So much so that Pier Maria Bocchi, in her review for Film Tv, rightly defines it as a film “about a private man devoid of meaning”, since “Sachs works precisely on banality”, starting with feelings. This stop at the immediate data of impulse, physicality (the sex scenes are predatory and rude, which we rarely see now) well reflects the feature of affective instability, which is fully inscribed in our modernity and whose character is so contradictory. than Thomas, both vain and insecure, manipulative and pawn in the game, he takes it upon himself to illuminate the most ruthless and in his own way monstrous features. His doppelgänger is Martin, a more modest one, to whom Ben Whishaw lends traits of delicacy and conscientiousness: he also cheats, but without judgment and seems to be driven, compared to his partner, by a stricter moral code that can make him perceive situations more clearly. know when, if necessary, to end the relationship. The middle pole is represented by Agatha, pragmatic and alien to their intellectual world (here Exarchopoulos, as in the movie that launched her, Adel’s life, an elementary school teacher), but still strongly attached to the family that the other two seem to have left behind. Then Thomas, divided between two countries, Germany and adoptive France, reflects in the geographic shift a confusion that is both physical and emotional, and that the film, true to its intention to stay on the surface of things, tries not to excavate. .
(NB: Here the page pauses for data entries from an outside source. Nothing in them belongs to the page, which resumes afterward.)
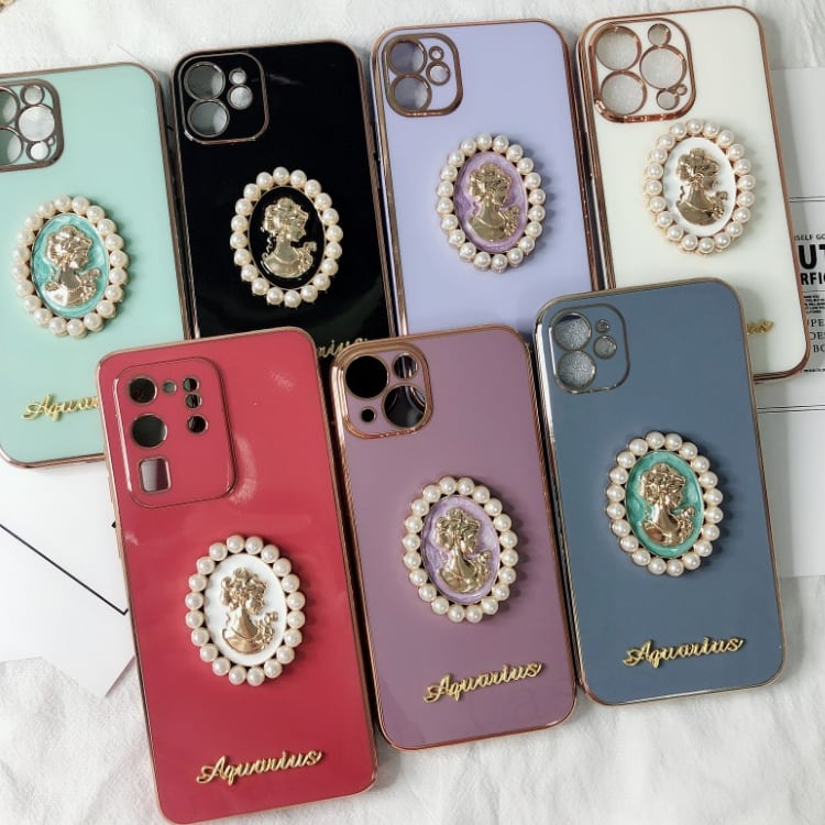 オメガブローチ風デザイン パール調 ゴールドフレーム スマホ ケース カバー iphone13 7 8 Plus SE2 SE3 X XS XR 11 Pro 12 mini MAX アイフォンケース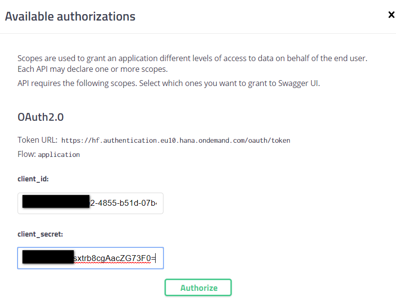 输入第四步创建Service Key后生成的clientID和clientSecret进行认证: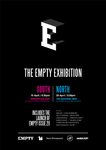 “Australia’s cult art magazine announces The Empty Exhibition, a group show to celebrate the launch of the 20th Issue of Empty magazine.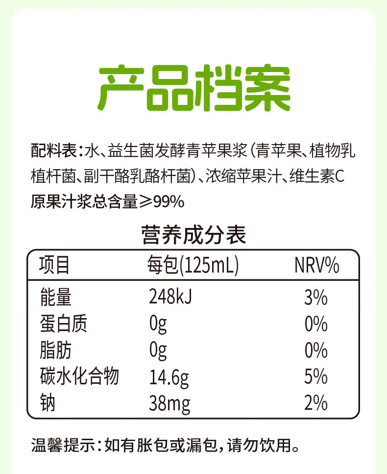 • 包装清单:青苹果饮125ml/盒*20盒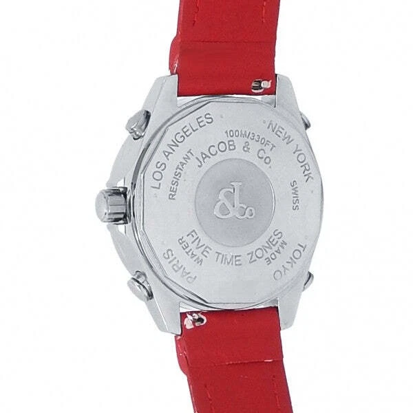 Jacob & Co Five Time Zones Stainless Steel Red Rubber Diamonds Red Watch JC47SR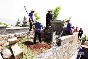 云陽縣有關(guān)部門組織人員對(duì)活人墓進(jìn)行拆除(資料圖片) 記者 冉文 攝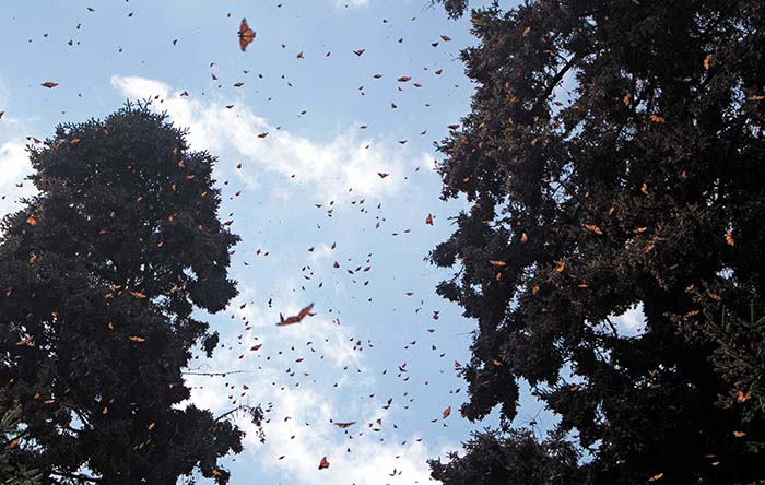 Redacción / La Voz de Michoacán Morelia, Michoacán. En viaje de 4 mil 500 kilómetros desde Canadá, pasando por Estados Unidos y después por el norte de México, las mariposas monarca han llegado por fin a Michoacán, pues esta semana se reportó el avistamiento de los primeros ejemplares en llegar a los santuarios ubicados en esta entidad y en el Estado de México. Tras volar durante dos meses a lo largo de tres países, las mariposas comenzaron su arribo a los bosques de oyameles de El Rosario y otras zonas consideradas como patrimonio natural de la humanidad. Para mediados de noviembre habrán llegado la mayoría de los lepidópteros para pasar el invierno en los bosques michoacanos, que reúnen las condiciones ideales para permitirles desarrollarse y aparearse: altitud de entre 2 mil 300 y 3 mil 500 metros sobre el nivel del mar, buena temperatura, humedad y exposición a los rayos solares, entre otros. https://twitter.com/Conabio/status/1321847245663293441 Esta semana los santuarios de Michoacán recibieron a los primeros grupos de la temporada de migración 2020-2021, la cual, hasta ahora, está restringida a turistas, debido a la pandemia por COVID-19. Ejidatarios de El Rosario recordaron que aún no están permitidas las visitas turísticas, sino hasta que la Secretaría de Salud de Michoacán (SSM) autorice la apertura, con base en el semáforo epidemiológico y con los protocolos preventivos para evitar contagios. Sin embargo, la Comisión Nacional de Áreas Naturales Protegidas (Conanp) informó que se analiza la posibilidad de no abrir por primera vez al público los santuarios de la mariposa para evitar riesgos de contagio en los ejidos y comunidades. Hasta ahora se mantienen instaladas las mesas de trabajo con la Secretaría de Salud y los gobiernos de Michoacán y Estado de México, con el fin de decidir si estos espacios permanecerán cerrados, pues aunque el turismo es una fuente de ingreso para los habitantes, recibir a turistas esta vez puede ponerlos en peligro. En el Estado de México una comunidad que tiene un santuario de hibernación, llamado Cerro Pelón, decidió no recibir a turistas esta temporada, y los otros cinco santuarios que se encuentran en ambas entidades están a la espera de que se tome una decisión. Por lo pronto, los cuidadores de los bosques recibirán cursos de capacitación sobre las medidas sanitarias en la venta de alimentos y artesanías, así como para el alojamiento de visitantes, en caso de que abran los santuarios. Un vuelo titánico Ajenas a la pandemia, las mariposas recorren alrededor de 120 kilómetros por día y avanzan por grupos hasta llegar a los santuarios. A finales de marzo, cuando alcanzan su madurez, emprenden su viaje de retorno a los países del norte. Las monarcas utilizan varias rutas migratorias: las que llegan a México vienen de la zona ubicada entre las Rocallosas y los Grandes Lagos, bajan por la Sierra Madre Oriental, entran al Altiplano por las montañas más bajas y llegan a los estados de México y Michoacán. Foto: El Universal. Otras, viajan de la zona ubicada entre el océano Pacífico y las montañas Rocallosas, hacia el estado de California y aquellas que habitan entre el océano Atlántico y los Grandes Lagos cruzan los estados de Carolina y Florida para llegar a Cuba. Los santuarios en México son el Cerro Altamirano, Cerro Pelón, Sierra Chincua, Sierra del Campanario, Cerro Pichacho y Chivati-Huacal, que llegan a albergar cada uno entre 7 millones y 20 millones de mariposas.

Passages thus, this is one of those films whose virtues (admittedly more potential ones) add up to just as many faults, depending on which angle you look at them from. This is sometimes tiresome and annoyingly prevents the viewer from real emotional identification. However, it’s also a well-researched operation in terms of its form of storytelling (which fits perfectly into the story without causing too much action) and in terms of its market goal of entering a consumer niche for a young and knowledgeable audience. is also a huge legacy of themes and figures that work such as this one by Ira Sachs continues to refer to.

Walkways, trailer.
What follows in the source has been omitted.